REVIEW: Avengers #675 Starts No Surrender in a Big Way (Maybe Too Big)

Avengers #675 marks the beginning of “No Surrender,” a 16-week event which sees all three books starring Marvel’s mightiest heroes folded into a single weekly title. The story brings together all of the current Avengers teams – the Uncanny, U.S. and adjectiveless versions, plus Hawkeye and Red Wolf’s Occupy Avengers – and the creative teams who were previously handling them into a single title, including writers Al Ewing, Mark Waid and Jim Zub.

RELATED: Avengers: No Surrender Rewrites Key Moments in Marvel History

It features just about every living hero who has ever responded to an “Assemble!” — there are 28 characters on the cast page, and that’s not a fully comprehensive list of everyone in these pages — and confronts them with an unprecedented global disaster.

In other words, this is a big comic, in just about every sense.

Even at 30 pages of story, the issue struggles to fit it all in. Among all the characters, all the explosions, all the structural damage to recognizable landmarks, it’s hard to find a single through line. The issue opens with Miguel Santos — formerly Living Lightning, but “just Lightning these days” — who also narrates the final scene. But Lightning doesn’t provide a consistent viewpoint character, or in fact appear in any of the intervening action.

Instead, we jump between clusters of heroes as they try to save the day as natural disasters break out across the world. Rogue and the Human Torch holding back a tidal wave in San Diego. Sunspot and his U.S. Avengers stopping Mount Vesuvius from erupting. The Wasp and Jarvis rescuing people in New York.

This is a good chance to see superheroes focused on saving lives rather than punching faces, but with no idea of what is behind the larger threat – namely, Earth and the moon being stolen from their normal corner of space, and being dropped somewhere else – it’s hard to get too invested in the action. These sequences are ably rendered by Pepe Larraz, in a style most reminiscent of Stuart Immonen’s Marvel work, but without the time to establish who is in danger or linger on any of the characters saving them, the stakes never feel as high as they should.

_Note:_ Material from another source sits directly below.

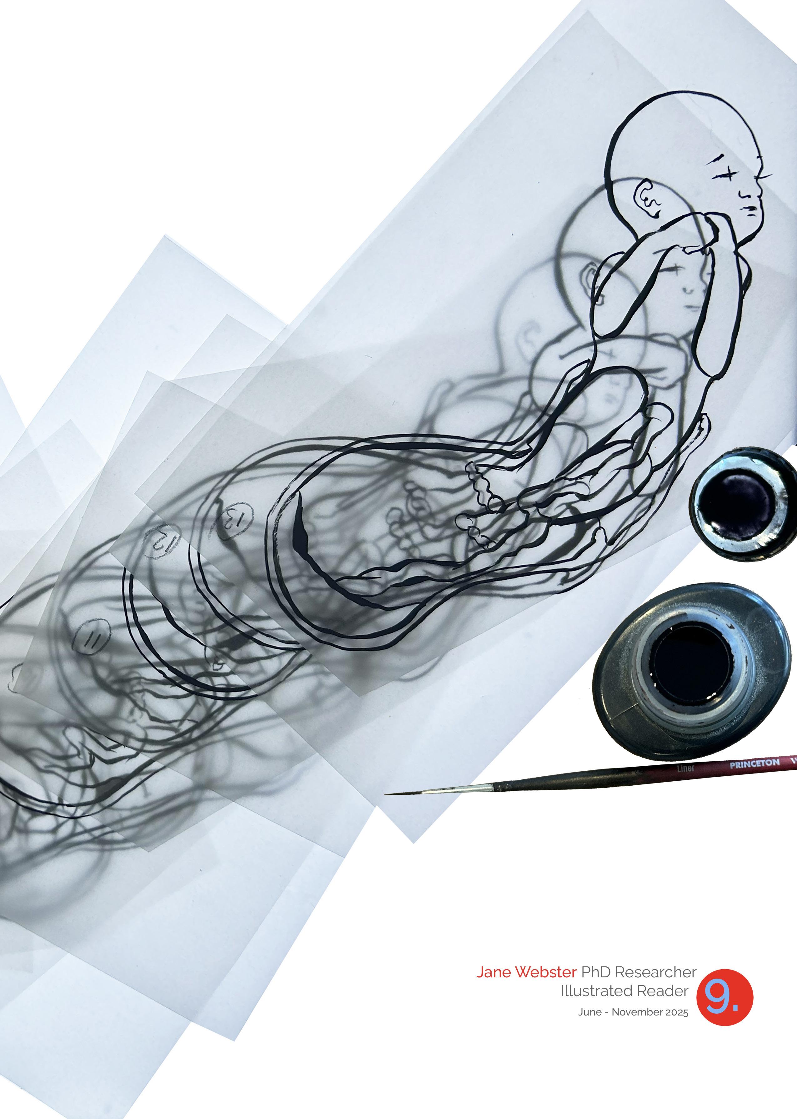 In terms of visual work, following the conversations I have had with Susana and Shalayna, brown women are underrepresented in much literature, and modest clothing is also missing from the visual representation of the women the Royal London supports. I have been developing my time-based skills and have been working on the representation of a pregnancy from 12 weeks to full term- this is obviously not new knowledge. I started with 18 key-frame drawings as seen on pages 20 and 21. I then drew frame by frame, with the foetus bouncing through week by week, to 100-plus frames of the head being born. This stage of birth is usually a slow process, especially for first-time mothers, and is different for every birth. Once the shoulders are born, the baby seems to shoot out with the waters if they haven’t broken or been broken.,

What’s left, then, is an issue of scattered great moments. Captain Marvel floating in space, looking out at where the Earth used to be. A couple of romantic beats, both of them given over to same-sex couples. The issue’s last-page reveal, which would admittedly be more effective if it hadn’t been given away in the initial announcement of the event.

They don’t quite add up to a satisfying whole, but there’s plenty here for “No Surrender” to expand on over the next 15 weeks. With the inciting explosions out the way, hopefully the forthcoming issues can spend a little more time with some of its 28-strong cast.